Su padre se había marchado cuando Paula contaba dieciséis años y, desde entonces, su madre había recurrido a ella en busca de apoyo, jurando que no podía arreglárselas sola. Sus muchos males jamás se habían podido diagnosticar con precisión, pero le habían impedido trabajar a jornada completa y habían garantizado que estuviera pendiente de ella para facilitarle la vida. Incluso había abandonado la idea de asistir a la escuela de arte para ponerse a enseñar y poder ganar dinero con el fin de que su hermana fuera a la universidad. Pero unos meses atrás su madre había soltado la bomba de que pensaba casarse con un vecino que, al parecer, la había cortejado mientras Paula trabajaba. Había quedado bien claro que era hora de que viviera su vida. Después de agradecerle todo lo que había hecho, se le dijo que su sacrificio ya no era necesario.
Pedro malinterpretó el silencio de Paula como una afirmación.
-¿Ese hombre la engañaba?
-No -lo miró confusa-, no había ningún hombre. Vine por motivos propios.

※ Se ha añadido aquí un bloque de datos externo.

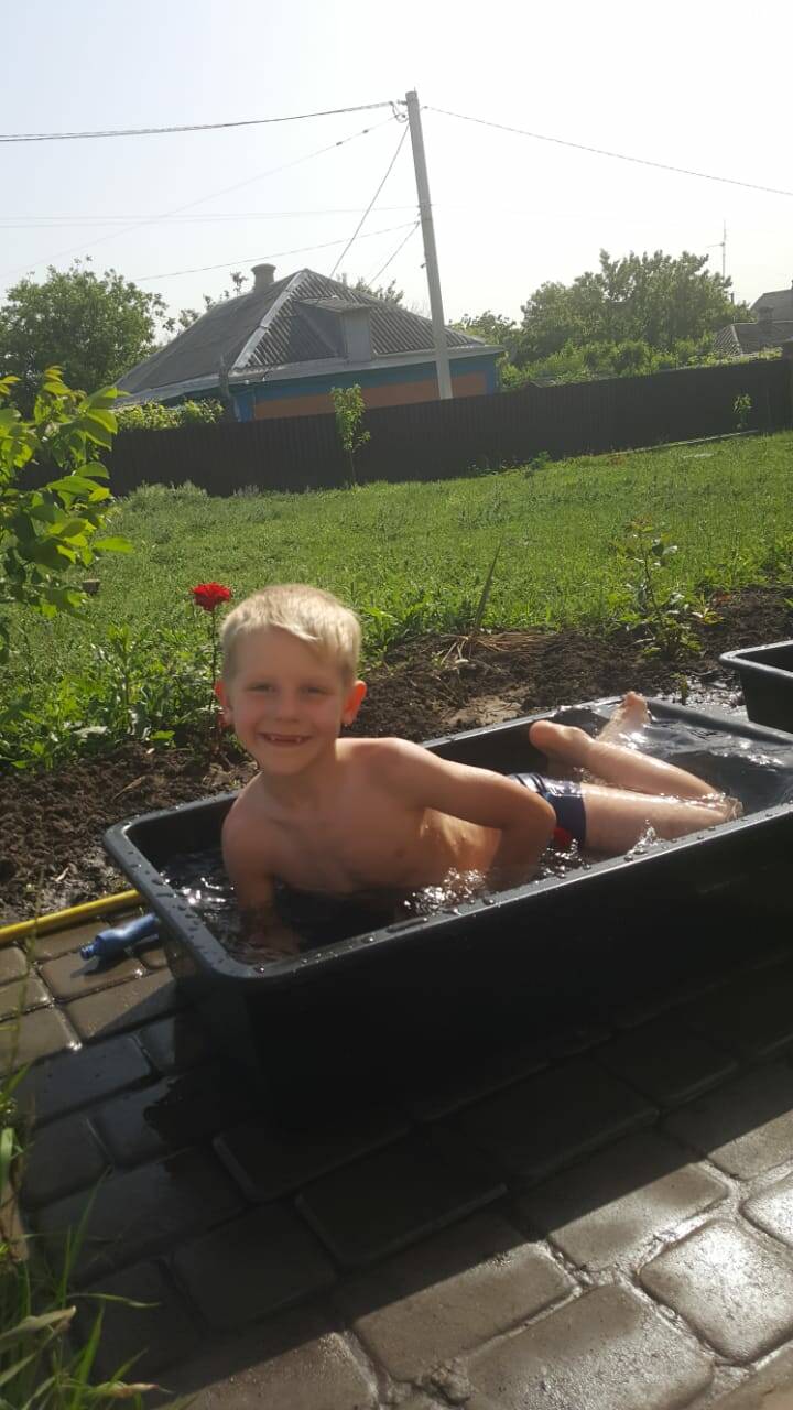 Nu het hier ruim 35°c is zoeken de kinderen van het familiehuis verkoeling in hun eigen teiltje.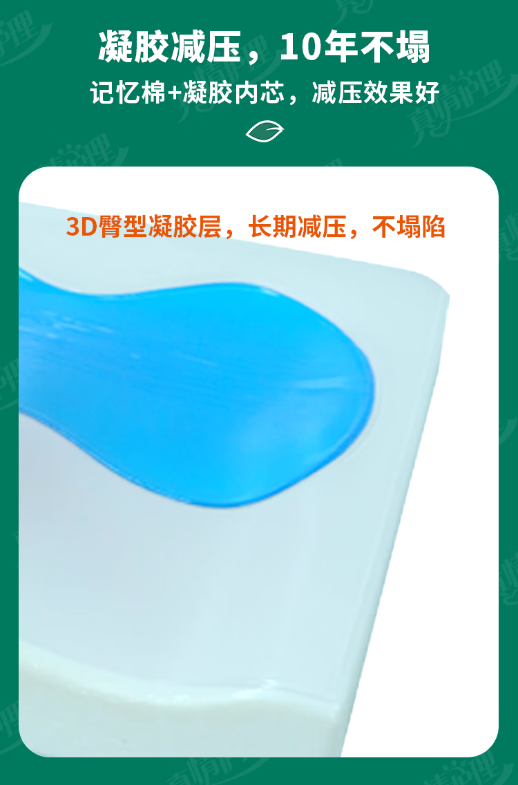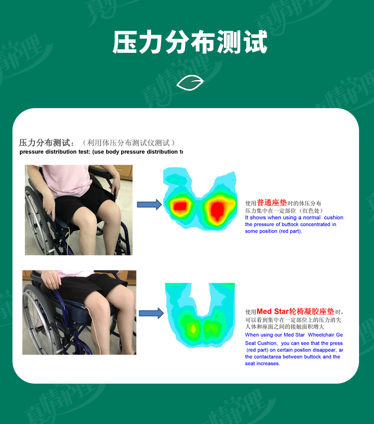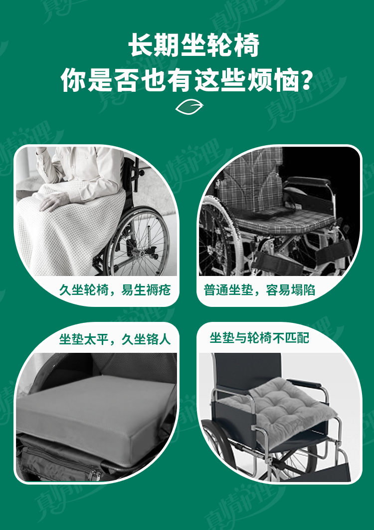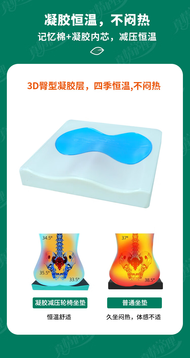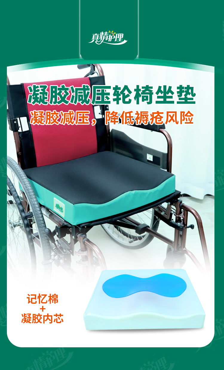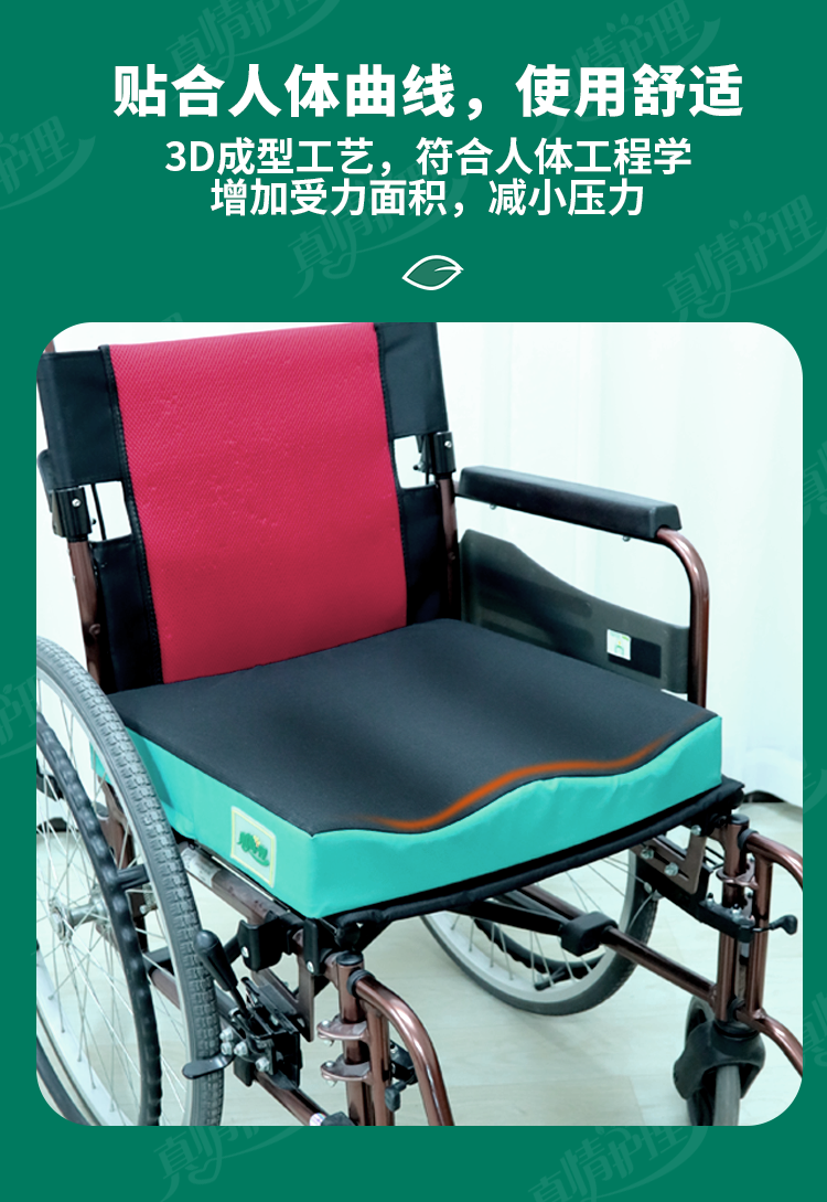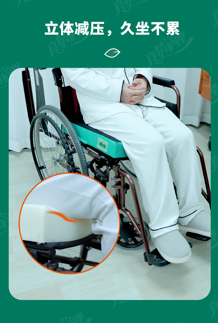 真情护理轮椅专用坐垫防褥疮坐垫减压轮椅坐垫老人专用轮椅垫 【久坐不塌】湖绿色

-¿Me está diciendo que una mujer de sus evidentes encantos no tiene ningún hombre que la espere? -preguntó con escepticismo.
Podría haberlo aceptado como un cumplido si no hubiera sido por la dolorosa certeza de que Pedro tenía razón. Mantener a su familia y ocuparse de las exigencias emocionales de su madre no le había dejado tiempo para una vida amorosa. Había salido con un colega del trabajo que resultó más exigente incluso que su propia familia. Cuando le dijo que pensaba tomarse unos días libres, le puso reparos. Con la intención de frenarla, le sugirió que quizá no esperara su vuelta. Paula no estaba segura de quién se había mostrados más sorprendido cuando ella le contestó que quizá aquello fuera lo mejor.
-En casa ya no me espera ningún hombre -confirmó, incapaz de ocultar un tono de amargura en la voz.
-Imagino que sus propias necesidades tuvieron prioridad -el tono cortante de Pedro fue un veredicto en sí mismo.
Esa fue la gota que colmó el vaso. Ya se había hartado de supeditar su vida a las exigencias de otras personas que no vacilaban en prescindir de ella cuando les convenía. Había llegado el momento de cambiar las cosas.
-¿Qué tiene de malo pensar en una misma? -lo retó.
-Según mi experiencia -repuso tras una pausa-, por lo general eso significa pisar los sentimientos de los demás.
Era lo último que ella habría hecho, pero se sentía demasiado agotada para defenderse ante él. ¿Qué sabía aquel hombre del precio que había tenido que pagar por sus responsabilidades? Por su aspecto y sus comentarios, daba la impresión de que Pedro solo tenía que preocuparse de sí mismo.Lo miró de reojo, confundida por la reacción ambigua que despertaba en ella. Su actitud autoritaria tendría que haberla molestado, pero, en un plano inesperado, la excitaba. Lo observó tal como él la había estudiado a ella. Le sacaba por lo menos una cabeza. Su espalda recta y su andar relajado creaban una impresión fascinante de autocontrol. Sus facciones aquilinas deberían haberla alarmado, pero se encontró preguntándose lo que reflejarían en un momento de gozo, con los ojos oscuros encendidos de placer y la boca plena curvada en una sonrisa. Sintió un escalofrío. Le habría gustado pintarlo tal como estaba en ese momento. Llevaba un ceñido bañador negro de cintura baja que lo hacía parecer un aristócrata de vacaciones. Tratar de capturar aquel matiz sería un reto para un artista. Daba la impresión de que aquel hombre sabía exactamente el lugar que ocupaba en el mundo. Reprimió un sentimiento de envidia. Tenía que ser maravilloso saber dónde estabas y qué debías hacer, algo que Paula intentaba averiguar.
-¿A qué se dedica? -preguntó impulsivamente.
-¿Dedicarme? -se mostró desconcertado-. Podría afirmar que dirijo todo.
-¿Quiere decir como un director general?
-No lleva mucho tiempo en Carramer, ¿verdad?
-Una semana, pero pretendo quedarme el tiempo que me dure el dinero.
¿Por qué? ¿Debería saber quién es usted?
-No -movió la cabeza-, pero sospecho que muy pronto va a averiguarlo.
Siguió la dirección de su mirada hacia una figura oscura que avanzaba en dirección a ellos desde los árboles que había más allá de la cala. Luego vió a un hombre que perseguía a una figura mucho más pequeña que corría por la arena.
-Joaquín -dijo Pedro, la voz suavizada por el afecto. Abrió los brazos y el niño se arrojó a ellos, rodeándole el cuello como si nunca quisiera soltarlo-. ¿Qué haces aquí? Se suponía que estabas durmiendo -inquirió.